§ Input data:
================

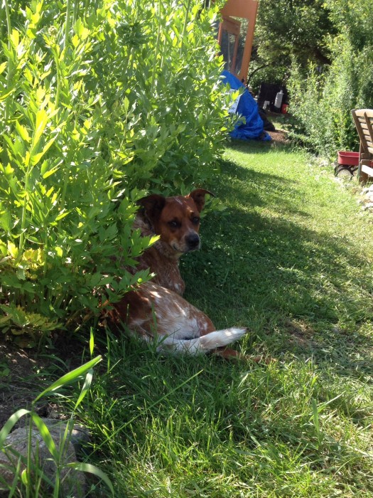 Not that I blame her for taking refuge in the shade from the lovage. It’s too hot to be wearing a fur coat.
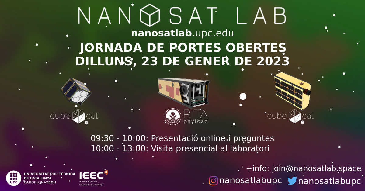 Dissenyar i desenvolupar instruments d'observació terrestre, així com comunicacions de satèl·lits i missions de petits satèl·lits, en col·laboració amb l'Agencia Espacial Europea (ESA) i altres organismes són algunes de les activitats acadèmiques i de recerca que es duen a terme al NanoSat Lab de la Universitat Politècnica de Catalunya - BarcelonaTech (UPC) i que es donaran a conèixer dilluns, 23 de gener en la presentació en línia que tindrà lloc a les 9:30 h i en la qual s'explicaran també els actuals projectes del laboratori. De 10:30 a 13 h, el NanoSat Lab, ubicat al Campus Diagonal Nord de la UPC, obrirà les portes per mostrar part d'aquests projectes i les instal·lacions de Barcelona.
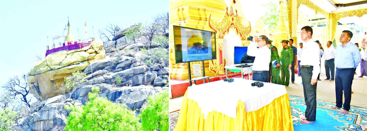 ယင်းနောက် ကျောက်သေတ္တာစေတီတည်ရှိနေမှုကို ကြည့်ရှုစစ်ဆေးပြီး တာဝန်ရှိသူများ၏ ကျောက်သေတ္တာစေတီ တည်ရှိနေမှုနှင့်ပတ်သက်သည့် တင်ပြချက်များအပေါ် နိုင်ငံတော်စီမံအုပ်ချုပ်ရေးကောင်စီဥက္ကဋ္ဌ နိုင်ငံတော်ဝန်ကြီးချုပ်က ကျောက်သေတ္တာစေတီနေရာကို Drone ဖြင့် အသေးစိတ်ရိုက်ကူး၍ အချက်အလက်ရယူရန်၊ မိုင်းခွဲဖြိုချခြင်းမပြုရန်၊ တောင်အောက်ရှိအများပြည်သူများ အန္တရာယ်ကင်းရှင်းစေရန်အတွက် ကျောက်သေတ္တာကြီးအောက်ခြေမှနေ၍ အရည်အသွေးပြည့်မီသည့် ကွန်ကရစ်များဖြင့် RC လောင်းပြီး ထိန်းသိမ်းဆောင်ရွက်ရန်နှင့် ကျောက်တုံးတော်ကြီးအောက်ရှိ စျေးဆိုင်တန်းများ အန္တရာယ်မဖြစ်စေရေးဆောင်ရွက်သွားရန် လမ်းညွှန်မှာကြားသည်။
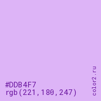 Цвет #DDB4F7 в цветовой модели RGB обозначается тремя октетами (221, 180, 247) в десятичном формате и #DDB4F7 в шестнадцатиричном (hex) формате, которые являются интенсивностью красного 221 (hex DD), интенсивность зелёного 180 (hex B4) и интенсивность синего 247 (hex F7).

================

§ Task objective: Could you give the listing above again word for word, without any pictures?

§ Reply:
 Not that I blame her for taking refuge in the shade from the lovage. It’s too hot to be wearing a fur coat.
 Dissenyar i desenvolupar instruments d'observació terrestre, així com comunicacions de satèl·lits i missions de petits satèl·lits, en col·laboració amb l'Agencia Espacial Europea (ESA) i altres organismes són algunes de les activitats acadèmiques i de recerca que es duen a terme al NanoSat Lab de la Universitat Politècnica de Catalunya - BarcelonaTech (UPC) i que es donaran a conèixer dilluns, 23 de gener en la presentació en línia que tindrà lloc a les 9:30 h i en la qual s'explicaran també els actuals projectes del laboratori. De 10:30 a 13 h, el NanoSat Lab, ubicat al Campus Diagonal Nord de la UPC, obrirà les portes per mostrar part d'aquests projectes i les instal·lacions de Barcelona.
 ယင်းနောက် ကျောက်သေတ္တာစေတီတည်ရှိနေမှုကို ကြည့်ရှုစစ်ဆေးပြီး တာဝန်ရှိသူများ၏ ကျောက်သေတ္တာစေတီ တည်ရှိနေမှုနှင့်ပတ်သက်သည့် တင်ပြချက်များအပေါ် နိုင်ငံတော်စီမံအုပ်ချုပ်ရေးကောင်စီဥက္ကဋ္ဌ နိုင်ငံတော်ဝန်ကြီးချုပ်က ကျောက်သေတ္တာစေတီနေရာကို Drone ဖြင့် အသေးစိတ်ရိုက်ကူး၍ အချက်အလက်ရယူရန်၊ မိုင်းခွဲဖြိုချခြင်းမပြုရန်၊ တောင်အောက်ရှိအများပြည်သူများ အန္တရာယ်ကင်းရှင်းစေရန်အတွက် ကျောက်သေတ္တာကြီးအောက်ခြေမှနေ၍ အရည်အသွေးပြည့်မီသည့် ကွန်ကရစ်များဖြင့် RC လောင်းပြီး ထိန်းသိမ်းဆောင်ရွက်ရန်နှင့် ကျောက်တုံးတော်ကြီးအောက်ရှိ စျေးဆိုင်တန်းများ အန္တရာယ်မဖြစ်စေရေးဆောင်ရွက်သွားရန် လမ်းညွှန်မှာကြားသည်။
 Цвет #DDB4F7 в цветовой модели RGB обозначается тремя октетами (221, 180, 247) в десятичном формате и #DDB4F7 в шестнадцатиричном (hex) формате, которые являются интенсивностью красного 221 (hex DD), интенсивность зелёного 180 (hex B4) и интенсивность синего 247 (hex F7).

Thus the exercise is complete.